As we sat in the grass rehydrating refried beans for dinner, a thru-hiker with a canvas tarp rolled onto his pack walked up, and we invited him to sit with us. We learned that he, like many people this year, had planned to hike northbound, but had hit a hard stop with the insanely high snow in the Sierra this year, forcing him to travel to Canada and hike south the rest of the way.
He was serious and sincere, opening up about how emotional it was for him to lose his "trail family" when the Sierra split everyone up. Originally from Hong Kong, but spending most of his life in San Francisco, he had grown up hearing stories of the PCT and had always wanted to hike it. With turning 30 this year, he realized that life was slipping away and that he should chase his dreams now.
We talked with him for a long time, chatting about everything from hiking philosophy to how culture influences our ideas about family and community. We shared some of our dehydrated hot sauce with him. A cyclist walked over and asked if we were thru-hikers ("Yes, but not this year," we replied), and we chatted with him for a while about his adventures cycling across the US and hiking sections of the PCT, Appalachian Trail, and Continental Divide Trail.
By this point an hour or so had passed, so Zach and I packed up, wished the thru-hiker good luck and safe travels, and hiked back down the trail. We walked a few miles, gathered water from a spring while dodging mosquitoes, then hiked on to find a place to camp.

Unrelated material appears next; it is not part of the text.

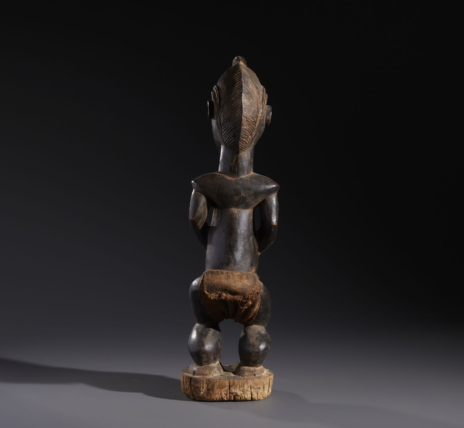 Nello stile di Scultura antropomorfa maschile in legno a patina scura e tessut [..]

Although the gently-sloping woodlands probably had some good campsites, we weren't tired yet, so we kept walking until the trail cut along the side of a very steep, several-hundred foot slope of trees, with a bank of rhododendron on our right and a sweeping view of the fir-blanketed mountains, and, looming large, Mount Hood's peak, to our left. It was the "golden hour" of the day, the view both sharpened and softened with the evening glow.
We watched Mount Hood's peak slowly march by, flanked by deep woodlands and an occasional stretch of meadow. Behind us, the sun dipped toward the mountains, casting stripes of dappled light over the trail. I felt hushed by the magic.
At last we plunged back into the woodlands, and realized that we had almost made it to the next water source, at a designated campground. Since we didn't want to pay to camp, we ended up pitching our tent a hundred yards from the highway that weaves its way up to Mount Hood. The sound of trucks passing by all night wasn't exactly a wilderness experience, but the stars were beautiful.